* [WHAT YOU HAVE TO DO] Copy the data that follows, character for character, minus the pictures.

* [RECORDED INFORMATION]
[Start of section]
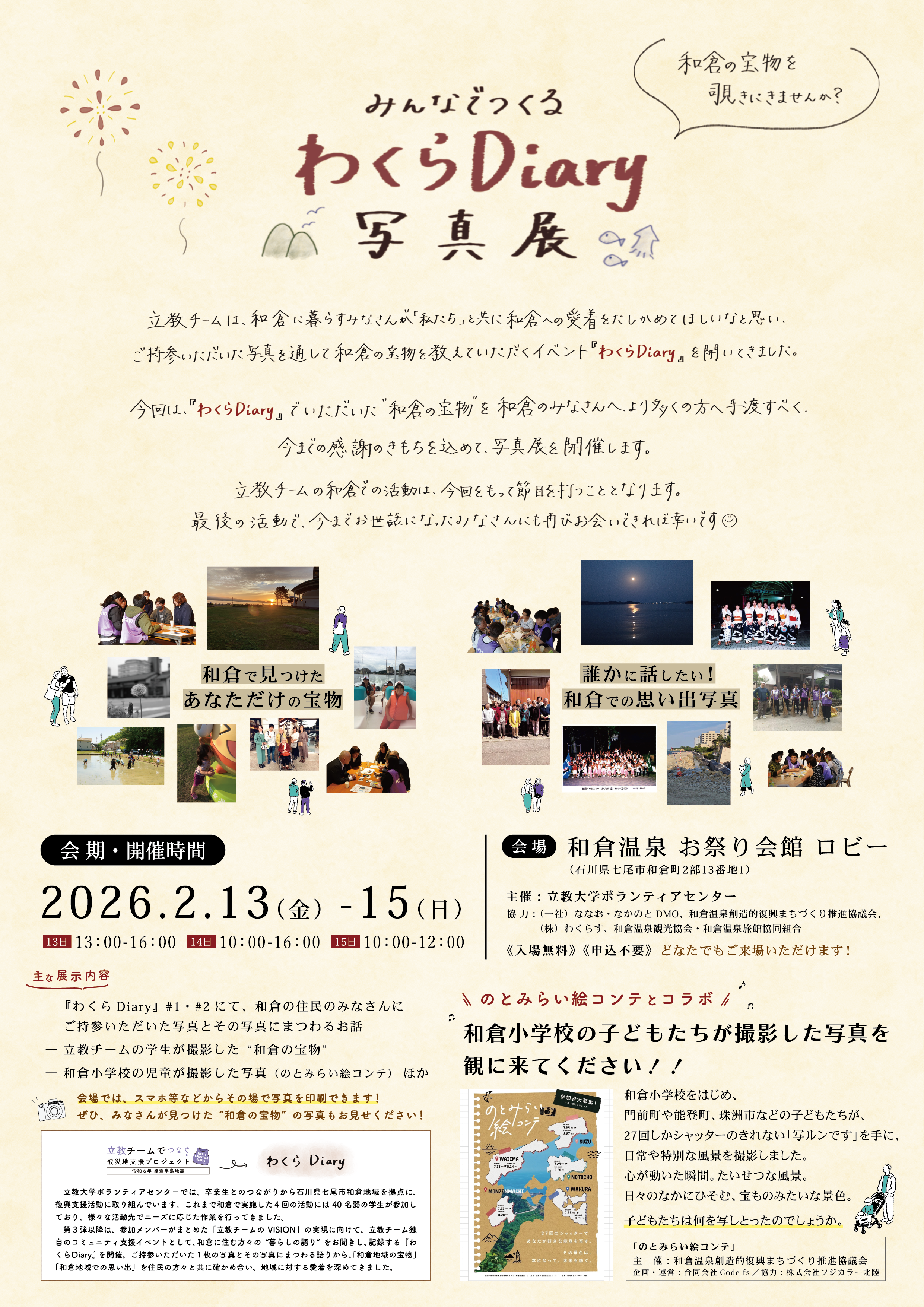 【2/13~15開催】わくらDiary写真展 「わくらDiary写真展」 開催日:2026年2月13日(金)~15日(日)時間: 13日13:00-16:00、14日10:00-16:00、15日10:00-12:00 会場:和倉温泉 お祭り会館ロビー 石川県七尾市和倉町2-13 主催:立教大学ボランティアセンター 当日の様子はこちら ←前へ
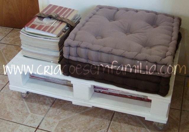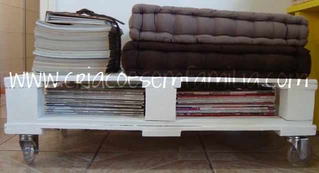 Como comentei em outro post, reaproveitei dois pallet (naquele post também menciono minhas inspirações, não deixe de ver!). Este segundo ficou menor, pois usei “atravessado” para fazer “dois andares” e poder guardar revistas.
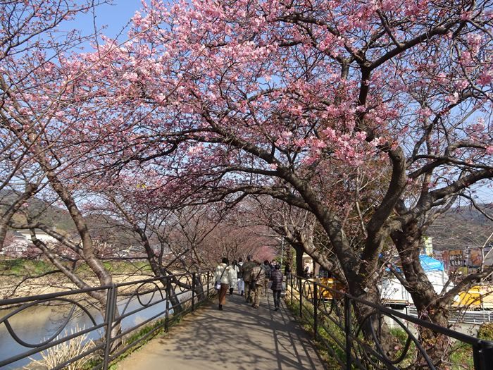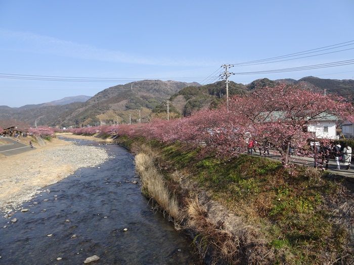 8:30過ぎにスムーズに駐車場に車を駐め、河津川沿いの河津桜を楽しむ。
[End of section]
* [SOLUTION TO THIS EXERCISE]
 【2/13~15開催】わくらDiary写真展 「わくらDiary写真展」 開催日:2026年2月13日(金)~15日(日)時間: 13日13:00-16:00、14日10:00-16:00、15日10:00-12:00 会場:和倉温泉 お祭り会館ロビー 石川県七尾市和倉町2-13 主催:立教大学ボランティアセンター 当日の様子はこちら ←前へ
 Como comentei em outro post, reaproveitei dois pallet (naquele post também menciono minhas inspirações, não deixe de ver!). Este segundo ficou menor, pois usei “atravessado” para fazer “dois andares” e poder guardar revistas.
 8:30過ぎにスムーズに駐車場に車を駐め、河津川沿いの河津桜を楽しむ。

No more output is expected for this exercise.